A Control Yuan investigation into the election of former National Development Council minister Kuan Chung-ming (管中閔) as National Taiwan University (NTU) president in January has found both the university’s election process and the Ministry of Education’s regulations on university presidents to be flawed, a source said on Sunday.
The Control Yuan will soon complete a report on the case and send it to the legislature’s Education and Culture Committee for discussion on Aug. 16, the source said, adding that the committee would determine whether corrective measures should be carried out.
According to the draft report, the current university president system has inherent flaws and the procedures in which the NTU approved Kuan’s application to serve as an independent director at Taiwan Mobile Co while working as a professor of finance was also flawed, the source said.
According to Article 13 of the Public Functionary Service Act (公務員服務法), public-sector employees are banned from taking part-time positions.
The Control Yuan has impeached 42 civil servants for contravening the article, including former minister of education Wu Maw-kuen (吳茂昆), but so far no one has been impeached for serving concurrently as an independent director at a private company, the source said.
NTU has said that, in practice, about 90 percent of its professors apply for approval after they have already begun their part-time posts. However, the university has banned applying for retroactive approvals since 2016.
A key issue the probe aims to clarify is whether NTU has violated its own regulations by approving Kuan’s part-time director position retroactively, the source said.
Asked if there is double standard in the way the ministry handled Kuan’s case, the source compared Kuan’s case with that of NTU College of Electrical Engineering and Computer Science professor Chung Char-dir (鍾嘉德).
Like Kuan, Chung was also hired by Taiwan Mobile to serve as an independent director and member of the auditing and remuneration committees, but Chung applied to NTU according to regulations and the university approved it on June 9 last year, before Taiwan Mobile formally announced both their appointments on June 14, the source said.
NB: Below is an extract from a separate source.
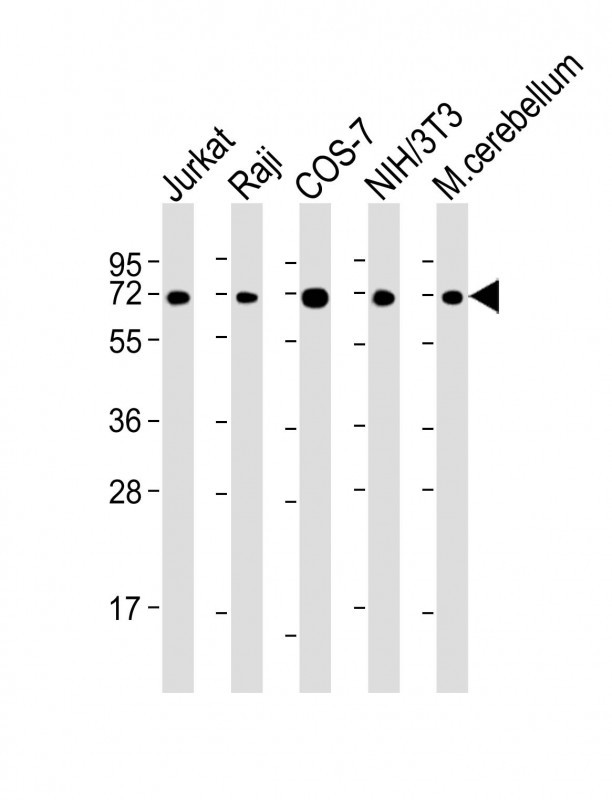 All lanes : Anti-ACHE Antibody (C-term) at 1:2000 dilution Lane 1: Jurkat whole cell lysate Lane 2: Raji whole cell lysate Lane 3: COS-7 whole cell lysate Lane 4: NIH/3T3 whole cell lysate Lane 5: mouse cerebellum lysate Lysates/proteins at 20 μg per lane. Secondary Goat Anti-mouse IgG, (H+L), Peroxidase conjugated at 1/10000 dilution. Predicted band size : 68 kDa Blocking/Dilution buffer: 5% NFDM/TBST.

However, Kuan did not apply for approval with NTU until August last year and because the university was waiting for him to do so, it did not give a formal reply to Taiwan Mobile about both their applications until October, the source said.
Kuan was elected NTU president on Jan. 5 and was scheduled to take office on Feb. 1, but the ministry in April did not approve the appointment, saying the election process was flawed.
According to the ministry, Kuan had illegally worked at Taiwan Mobile and had failed to disclose those positions before the election to avoid a conflict of interest, as Taiwan Mobile vice chairman Richard Tsai (蔡明興) was a member of NTU’s presidential election committee.